Two-thirds of Americans live in areas served by the 500 accountable care organizations (ACOs) that now exist across the country, according to a report from Oliver Wyman consulting firm.
Overall, ACOs serve between 46 and 52 million Americans, or between 15 and 17 percent of the population, according to the report, "ACO Update: Accountable Care at a Tipping Point." About 10 percent of Medicare beneficiaries, or 5.3 million people, receive care from ACOs, up from about 4 million in July 2013.
"ACOs need to be treated as a triggering mechanism for a revolution in American healthcare. Their reach is at least as important a factor to watch as their current enrollments," writes Niyum Gandhi, a partner in Oliver Wyman's Health & Life Sciences practice group and one of the firm's ACO experts.
Because ACOs are in early development stages and are reimbursed differently than traditional fee-for-service providers, they can profit from eliminating unnecessary services and focusing on preventive care, Gandhi said. However, he posed the question, When will we see the kind of competition that leads to meaningful change?

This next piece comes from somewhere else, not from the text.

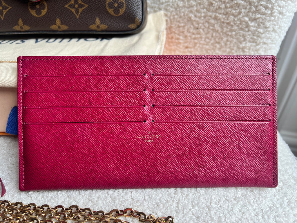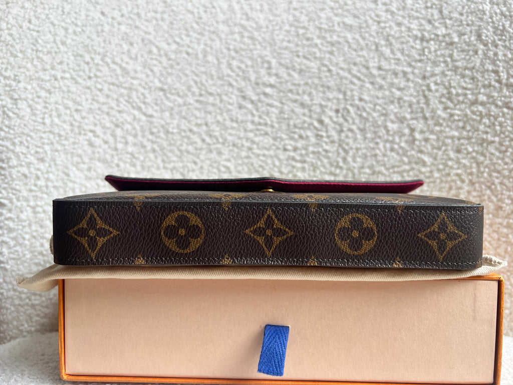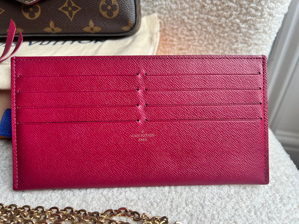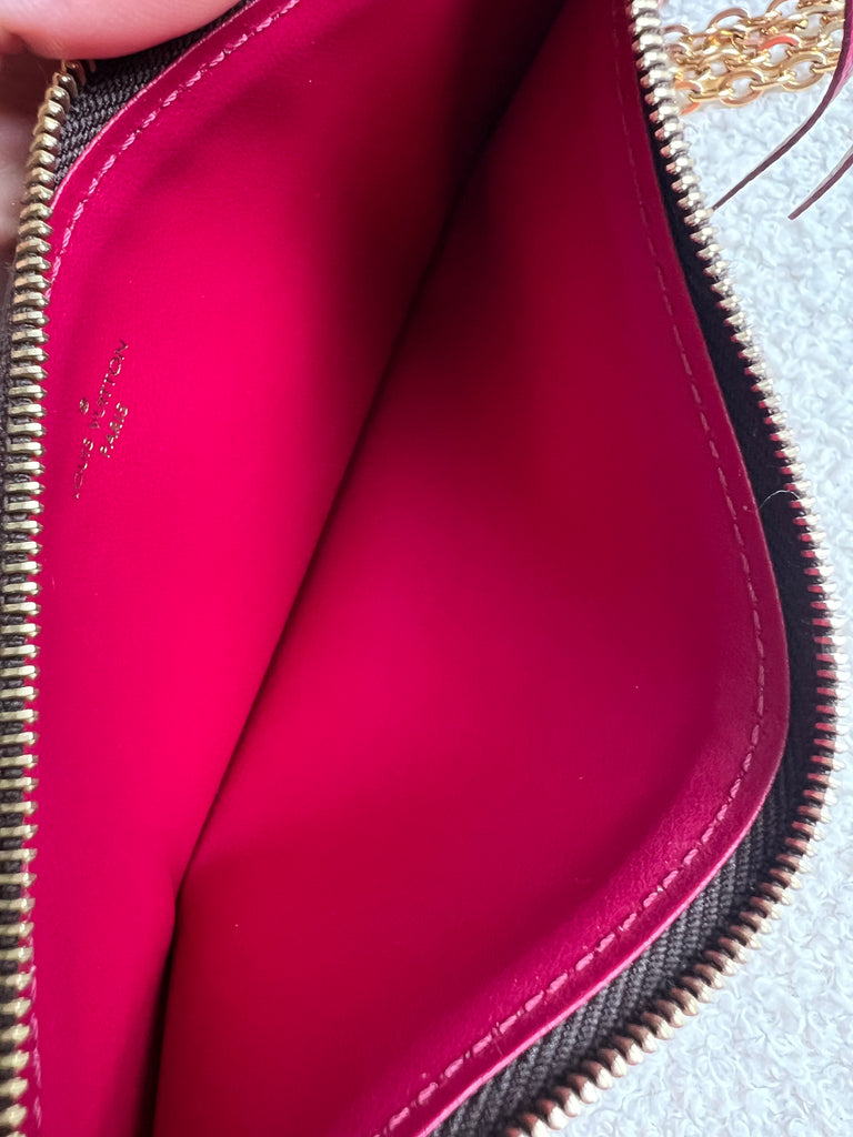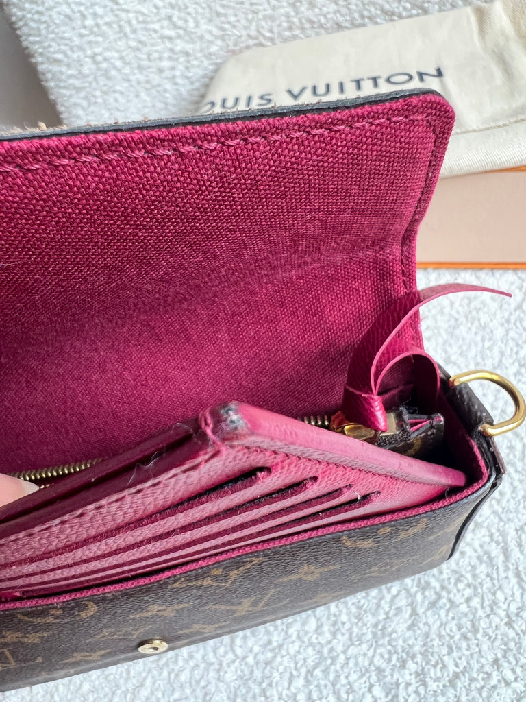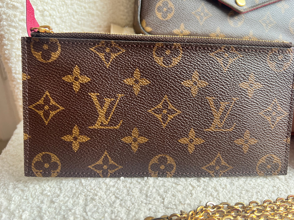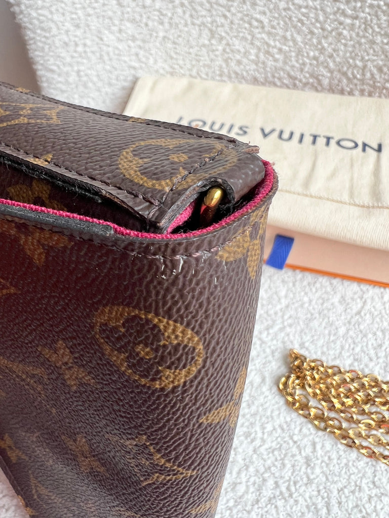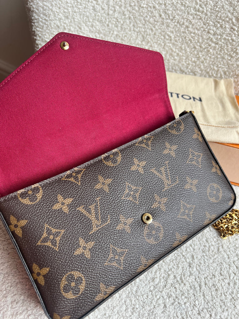 Louis Vuitton Felicie Pochette in Monogram canvas with fuschia pink lining. This stylish pochette is perfect to hold the essentials on a night out or evening function. Can be used for day to day wear for those who prefer smaller bags. Can be worn cross body using the removable chain or carried in hand as a clutch, or carried inside a larger bag. This highly sought after style comes with two removable inserts.
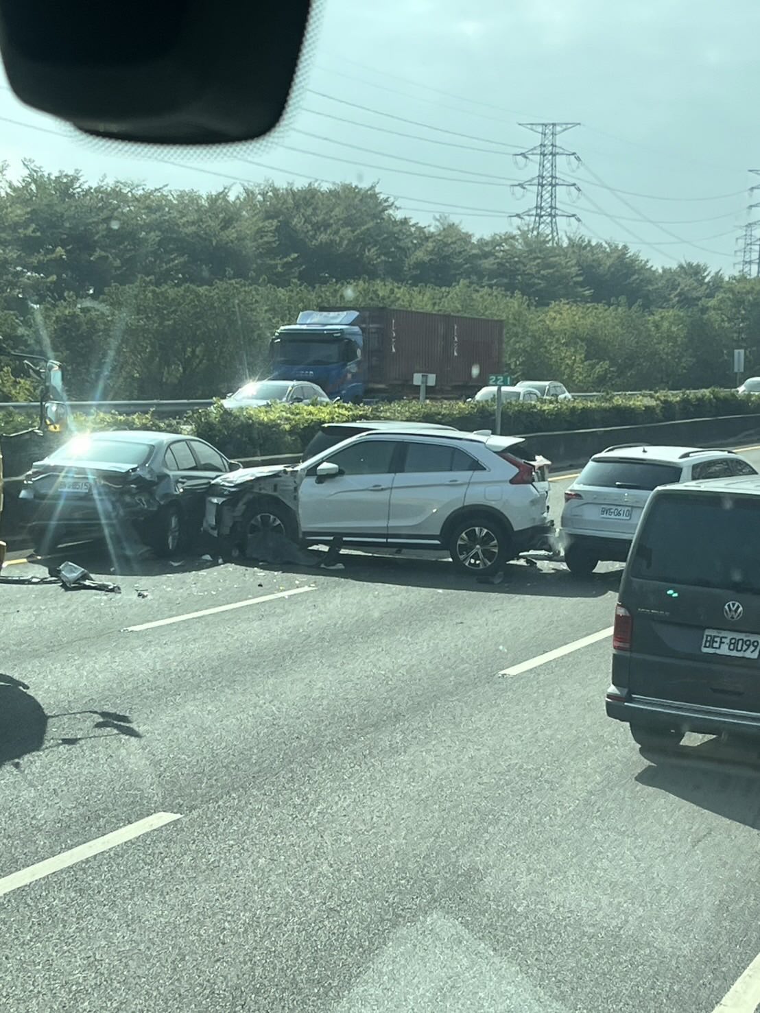 國道北斗路段連環車禍3人受傷。翻攝畫面

The firm classified the more than 370 Medicare ACOs as healthcare providers that participate in the Pioneer ACO program, the Medicare Shared Savings Program, a Medicaid ACO or the Physician Group Practice (PGP) Transition program, according to the report.
However, they classified the 150-plus non-Medicare ACOs by whether they had at least one shared-savings or shared-risk arrangement with at least one commercial payer but not the Centers for Medicare & Medicaid Services. However, researchers noted that the information may be imperfect because they gathered data from press releases, news accounts and other research.
With a push for higher quality, cost-effective care, the number of ACOs is expected to double nationwide by the end of 2014, FierceHealthcare previously reported.